A new favorite hooded sweatshirt.

My softball one from '01 is still doing great. However, I need a considerable alternative for when he's in the wash laundry hamper. Absolutely must have hood AND front pouch pocket. Broken in, but still fuzzy on the inside. Must be size L, possible arrangements for XL. Looking for Jerzees brand, substitutions may be considered.
Preference goes to ones grey in color.

Anyone willing to donate theirs/finds a good match for me. I would be forever owe you.

I should steal yours. The one that says WACH because I like it.

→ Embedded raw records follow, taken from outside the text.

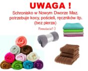 Schronisko w Nowym Dworze Maz. potrzebuje kocy, pościeli, ręczników itp. (bez pierza) Prosimy o pomoc.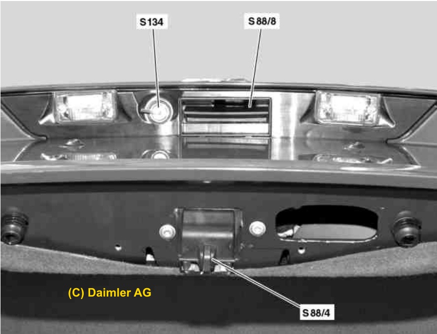 S134: Schalter Heckdeckelverriegelung, S88/8: Schalter Heckdeckel (Griff), (nur USA: S88/10: Schalter Heckdeckel Notöffnung), Außenbetätigung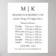 Modern Minimalist Business Hours Poster Sign. Black & White or choose your custom colors. Perfect for retail companies, small business shops, salons, spas, bakeries, cafes, restaurants, bars and more. Easy to personalize with your monogram initials, business name and information, photos, slogan or even add your logo or personal brand design.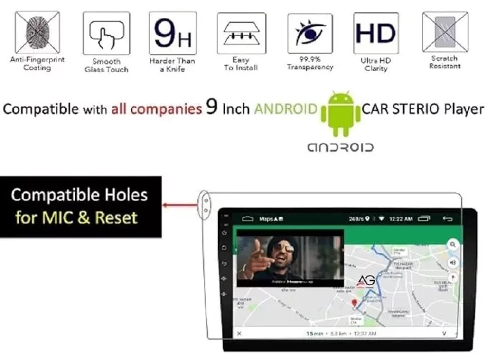 Al Qahhar 9H Unbreakable Screen Protector For Touch Screen Infotainment System Compatible With Universal 9Inch Screen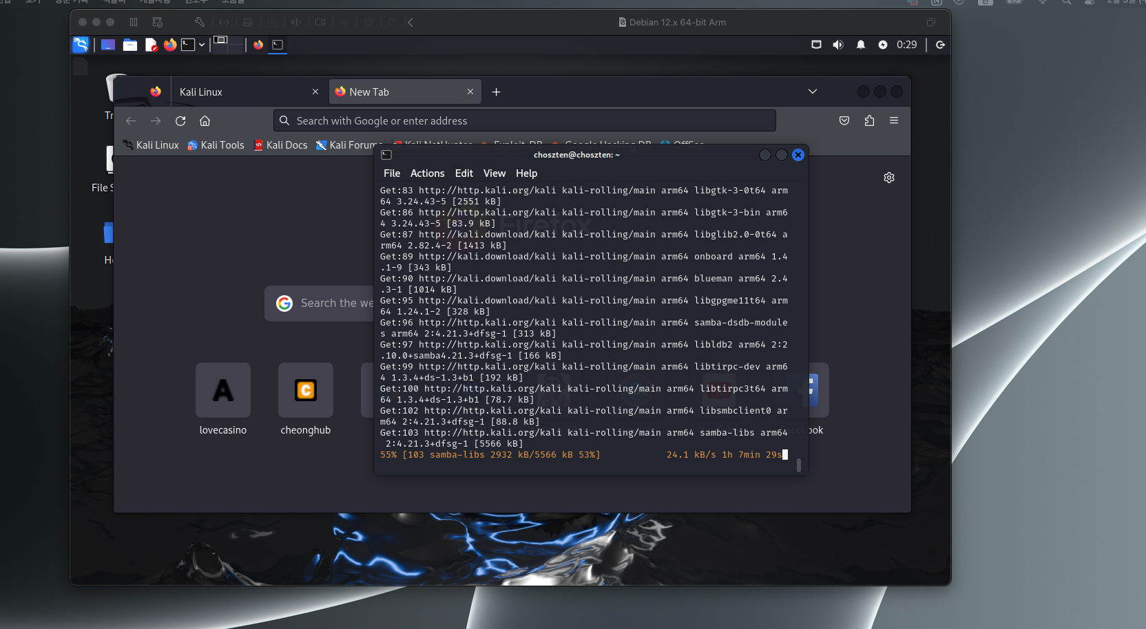 문제 풀다가 잠깐 친구 침대에서 쉬고 있는데 vmware 속 kali linux가 자기 혼자 뽀삐뽀비뽀 뽀삐뽀 하면서 맛이 갔습니다.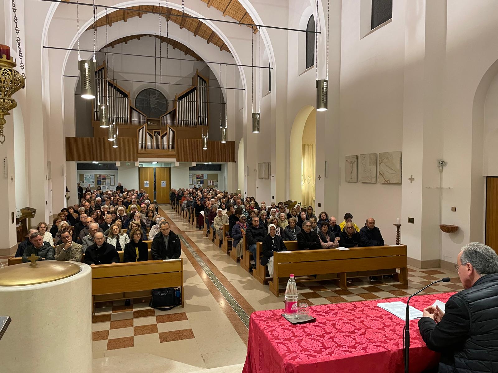 In una chiesa gremita il Vescovo si è messo come prima cosa in ascolto di osservazioni e riflessioni da parte dei presenti sul tema.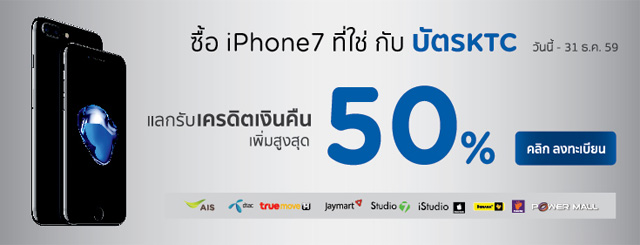 - เครดิตเงินคืนสูงสุด 3% เฉพาะการแบ่งชำระ KTC Flexi 0% iPhone 7 และ 7 Plus รุ่นที่กำหนด ผ่านบัตรเครดิต KTC ที่ทำรายการโดยใช้รหัสสินค้าที่ KTC กำหนด โดยเป็นสินค้าศูนย์ AIS / DTAC / TRUE / Jaymart ที่ร้านค้าสาขาที่ร่วมรายการเท่านั้น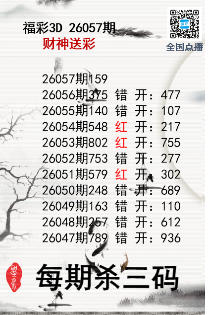 • 福彩3D26057期财神送彩杀三码

You said I don't have any of your clothes because I don't spend enough time in your bedroom.
Note to self: spend 3 minutes approx in bedroom, otherwise enough to come across great sweatshirt.

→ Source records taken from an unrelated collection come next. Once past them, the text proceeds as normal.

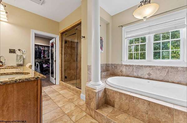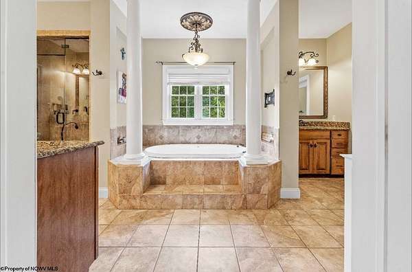 - 9 ft+ Ceiling, Cable Ready, Central Vacuum, Garage Door Opener, Intercom, Primary Bath, Skylight(s), Smoke Detectors, Some Window Treatments, Vaulted Ceilings, Walk-In Closets, Wet Bar, Whirlpool/Hot Tub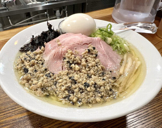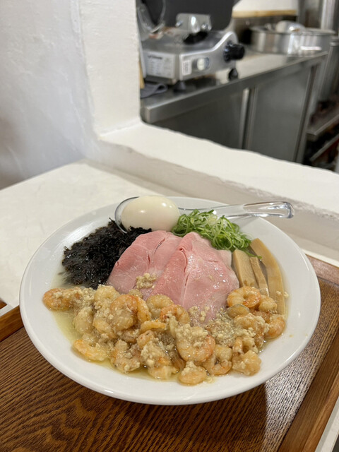 牡蠣塩ラーメンと炒りエビ和え玉(煮干しスープ)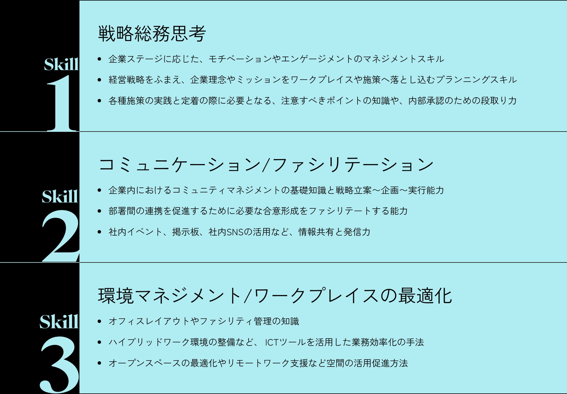 オフィスキュレーターは、ワークプレイスを上手に活かして、社員のエンゲージメントを高め、組織に活気を生み出す戦略的な役割を担っています。そのために必要な能力を以下の3つに分類し、カリキュラムを設計しました。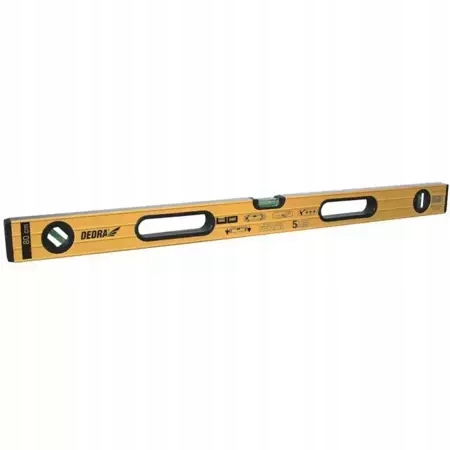 Poziomica MD5060 wykonana jest z profilu aluminiowego o grubości ścianki 1,5 mm. Dodatkowe przetłoczenia na profilu zapewniają większą wytrzymałość i odporność na uszkodzenia. W korpusie poziomnicy umieszczone są 3 libelki wskazujące pion, poziom oraz kąt 45°.

PS. A male of my type would also be a good find. But sweatshirts first. Or...guy in a sweatshirt?... hm.

Today it goes something like this...

SWF seeking...

Someone go with to the cider mill, to dinner, to a haunted house/hayride/maze. Someone to tell me how their day was, and be truly interested in mine. Someone to breath in the crisp fresh fall air. A costume party goer. A movie watcher, ball player, party hopper. A person to make me forget that I wish I was back in East Lansing, that I wasn't an adult with a real life job despite the fact I love what I do. Anyone to put the spring back in my step as the winter depression is upon all of us.
Ed. note: Applicant is not required to be single, or a male. However, both would be extra bonus.

I should have all this. I did have this, for a long time. But I can't find the strength within myself to patch what's been broken. I didn't break it, but it's me with the grudge. Miss-communication, misunderstanding, mistake?-- Maybe. For the first time in a long time, I'm weak enough to let things go to shit. I can't bring myself to dial 13# and send it on my phone-- that one speed dial number that was always coming up/being dialed since we were young, and more so when we got old. It's been four months, but I can't seem to get strong enough to do this. I dreamt I did it last night--Confronted you, told you why I was so sour last time we saw each other, and why I knew you wouldn't talk to me for at least 3 of those months. Maybe that's the first step to being strong enough to hit 13# and send it. Maybe by putting this here you'll see it and know it's you-- I think you'll know (If you still read this site). And see that I do want to talk this out, but only if you're willing to listen. I won't say I'm sorry for being a bitch, but I am sorry for letting this keep us apart. Maybe you're sorry too. I guess I'll know when I finally am able to press send after punching in your number.

Don't give up on me. I'm still here & I do miss us...

*~

PS: A new hoodie would be fabulous as well.